I operated with production colonies which were reinforced, as necessary, to get my honey crop and colonies at the home apiary to provide those reinforcements - while keeping them busy and useful without fear of them becoming over-crowded and producing queen cells until I wanted (aimed for late May).

That is when I made my splits - queens are likely to get mated better in early June, new colonies are quick to expand, plenty of time to assess the raised queens before reducing the colonies later in the season. Colonies that were sufficiently strong to repel wasp attacks, with low varroa loads were easy - as the selected splits were likely all ready for treatment at much the same time. I sublimated oxalic when they were without capped brood to keep things simple and effective. I only ever trickled oxalic acid one - or at most two winters, before realising that opening hives in the middle of winter was folly.

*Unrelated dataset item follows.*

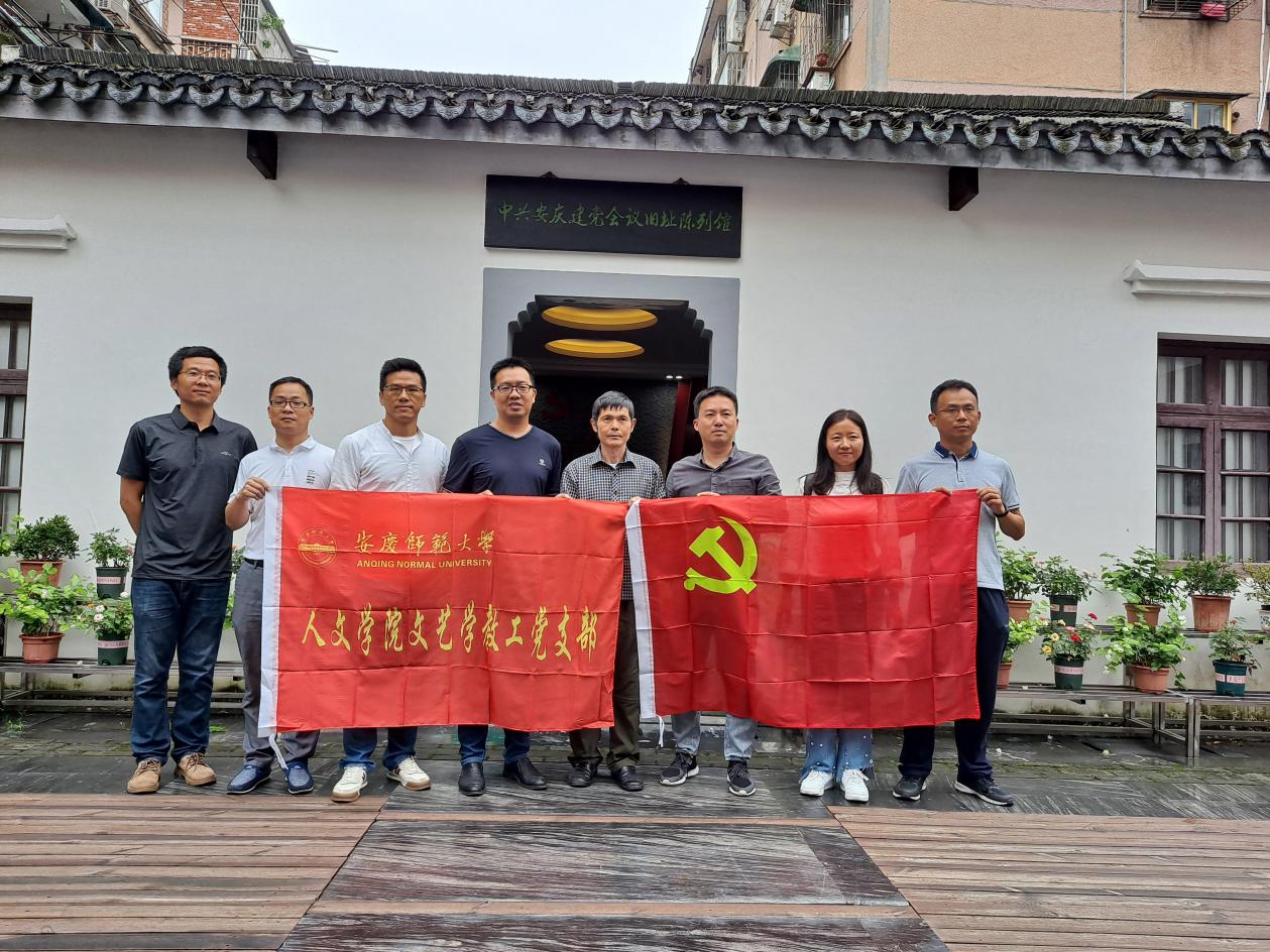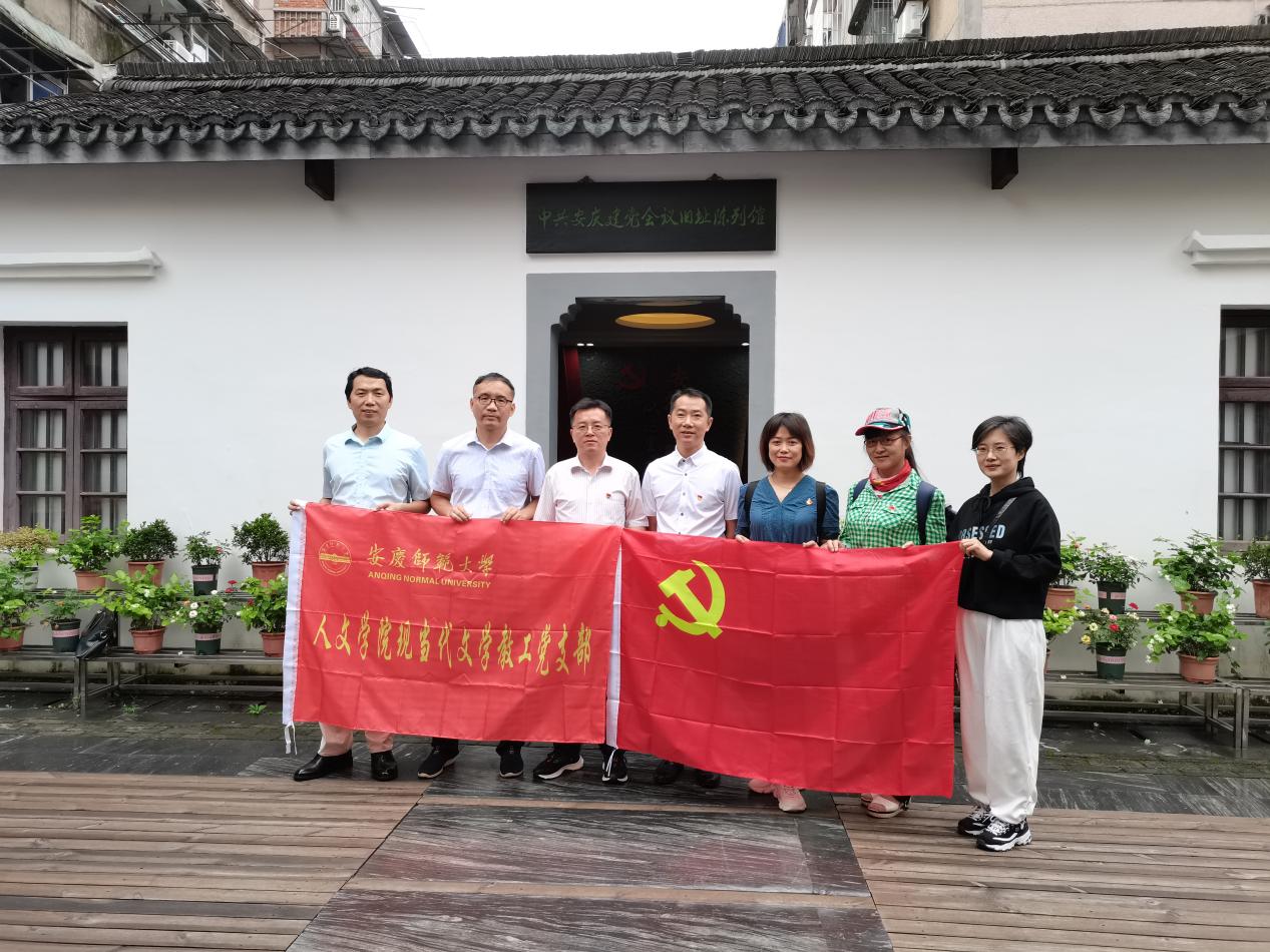为迎接中国共产党成立100周年,进一步推动党史学习教育走深走实走心,6月20日上午,安庆师大yl7703永利官网中国现当代文学教工党支部、文艺学教工党支部和中国古代文学教工党支部全体党员,在党委书记张红飞的带领下,赴中共安庆建党会议旧址开展红色现场党课学习活动,重温了百年前红色革命在安徽的兴起和发展的历史。

Now, if you want to make walk-away splits in March or late in the season, go ahead - but expect trouble because you are just looking for it. There are better, easier and more effective ways to keep bees.
 
Now, if you want to make walk-away splits in March or late in the season, go ahead - but expect trouble because you are just looking for it.

Thank-you, but I'm not enquiing about early splits; I wouldn't recommend them. As you said, I timed mine to have queens mating in early June and it worked like a dream.
 
Any weak colony in August here is not going to survive through September.
The wasps WILL wipe them out.

So splits in July are doomed unless from very strong. colonies. and supplied with mated queens
 
Any weak colony in August here is not going to survive through September.
The wasps WILL wipe them out.

So splits in July are doomed unless from very strong. colonies. and supplied with mated queens

A straight answer.....Ta.... (y)
 
I'm smack in the middle of England.
My last queens were raised and queen cells put into nucs 2nd week in August last year. The nucs were strong though.
All that were mated ( about 10 out of 12 ) survived winter and had to be put into full hives in March, one turned into a DLQ in May.

Sometimes I receive mated queens in late August early September. Being mated they can be introduced into a nuc of nurse bees and overwinter easily.